Тут Гуро поднял указательный палец с рубином, отразившемся в его пустых черных глазах.
– Чем же могла заинтересовать моя скромная персона столь высокопоставленного чиновника? – не удержался от ехидства Гоголь.
С ним такое частенько приключалось. То анекдотец непотребный расскажет в высшем обществе, то присвистнет уморительно, то ни с того ни с сего перейдет на малороссийский говор, приводя в замешательство собеседника. Выходки эти были вызваны не нахальством его, а как раз напротив – врожденной робостью. Она-то и побуждала его вести себя вызывающе, чтобы окружающие не распознали его истинной натуры и не пользовались бы этим.
– Собираясь сюда, я преследовал лишь одну цель, – произнес Гуро без тени своей обычной ироничной улыбки. – Оказать вам услугу, Николай Васильевич.
Гоголь почувствовал, что желание ерничать у него пропало.
– В чем же она заключается, Яков Петрович? – спросил он уже вполне серьезно.
– Хочу предостеречь вас, мой друг. Из дружеского расположения к вам.
– Предостеречь от чего?
Гуро взял трость таким образом, чтобы легонько постукивать ею по столу, подчеркивая важность сказанного.
– Николай Васильевич, перестаньте играть в политику, – говорил он размеренно, тщательно выговаривая каждое слово. – Не суйтесь в жернова, которые перемелют вас, как блоху. Помимо всего прочего, я занимаюсь выявлением тайных обществ и заговоров, замышляющих государственные преступления. Состояние умов катастрофическое. Но всех вольнодумцев и противников власти ждет заключение в крепость или ссылка, можете быть уверены. Это в лучшем случае.
– Вы имеете в виду смертную казнь? – уточнил Гоголь, безуспешно пытаясь избавиться от мурашек, ползущих по спине.
– Зачем же непременно казнь, голубчик? – тонко усмехнулся Гуро. – Люди, знаете ли, смертны. Так называемые властители дум – не исключение. Один под поезд бросится, другому взбредет в голову драться на пистолетах. И что же им неймется-то, не понимаю? Не оскорбляй членов царской фамилии, не расшатывай основы порядка и живи себе, припеваючи, стихи сочиняй, книжки пиши… Кстати, Николай Васильевич, вы за третий том «Вечеров…» не взялись еще? Второй мне, признаться, меньше первого понравился. Характеры не те, страсти мельче.
– Как вы могли читать продолжение, Яков Петрович, когда оно не издано еще?
– Для кого как, Николай Васильевич, для кого как. Для меня тайного, почитай, ничего нет.
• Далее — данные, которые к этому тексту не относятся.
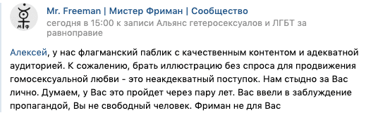 После, в комментарии под постом Алексея сообщество заявило, что ЛГБТ-активист стал жертвой пропаганды и, скорее всего, одумается. Вердикт был прост: «Фриман не для Вас».

Одно только явное.
Гоголь почувствовал, как уши его наливаются жаром, в то время как лицо холодеет и все туже обтягивается кожей, будто на морозе.
– Вы что же, следите за мной? – вскричал он, негодуя и стыдясь тех подробностей, которые могли узнать посторонние против его воли.
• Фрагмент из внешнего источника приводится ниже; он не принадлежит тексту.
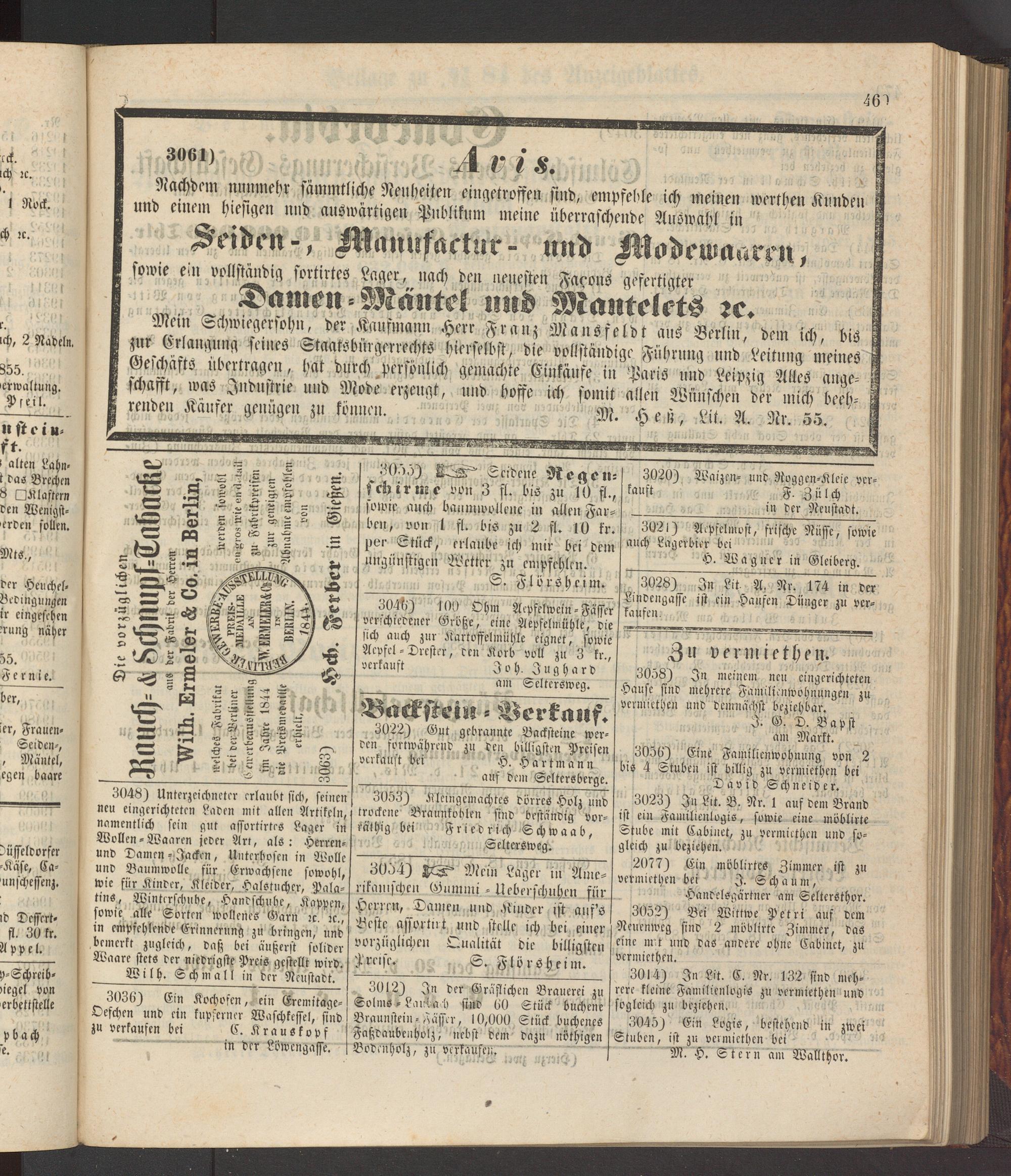 Anzeigeblatt für die Provinzialhauptstadt Gießen. 1840-1867

Гуро равнодушно пожал плечами.
– Зачем же мне следить, помилуйте, голубчик! Этим разные мелкие сошки занимаются. Вот отправились вы, к примеру, Николай Васильевич, в Петербург с господином Данилевским и дворецким вашим Якимом и остановились в гостинице, где-то возле Ко-кушкина моста, а там вина заказали и давай императорское величество поносить. Или вот живописец Мокрицкий, с которым вы имели удовольствие квартиру делить в доме Зверева…
– Зверкова, – машинально поправил Гоголь.
В голове его было пусто, мысли остановились.
– Зверкова, – охотно согласился Гуро, доброжелательно кивая. – В его присутствии вы, друг мой, позволяли себе весьма неосторожные замечания, весьма неосторожные. А болтливые актриски и актеришки, что толклись у вас в доме на углу Гороховой и Малой Морской?
– Довольно! – вскричал Гоголь, весь передернувшись. – Вам стыдно должно быть, сударь, за подобные речи.
– Мне? – вопрос, заданный с неподражаемым изумлением, сопровождался поднятием бровей и наклоном головы. – За что, помилуйте? Может быть, это я пишу матушке, что лично знаком с князем Голицыным и пеняю ему на дурную работу его почтового департамента? Или, может быть, я питаю нездоровую страсть к дамскому рукоделию? Нет, Николай Васильевич, мне не стыдно. А вам?
Побагровевший Гоголь приподнялся со стула, намереваясь указать гостю на дверь. Взгляд Гуро пригвоздил его к месту.
– Куда это вы собрались, милостивый государь? – осведомился он с холодным любопытством. – Мы только начали. Главный разговор еще впереди.
Наутро Гоголь долго лежал в постели, скосивши птичий глаз на серое петербургское небо в облупленной раме окна. Спальня была менее запущена, чем кабинет, служивший также гостиной и при случае столовой. Давно уже не пахло в квартире съедобным. В целях экономии столовался Гоголь в ближайшем трактире, а если совсем поджимало, то мог перехватить пирожков с капустою. Ожидания, с которыми прибыл он в столицу, не оправдались. Успехов на юридическом поприще не случилось, писательский труд отнимал много времени, принося мало доходов. Содержать себя в приличном виде становилось все труднее, так что, замахнувшись вначале на апартаменты из пяти комнат, Гоголь был вынужден ютиться в двух, отказавшись от слуги. Неудачи не сломили его только благодаря возможности вращаться в литературных кругах, ловя на себе отблески славы, достающейся другим.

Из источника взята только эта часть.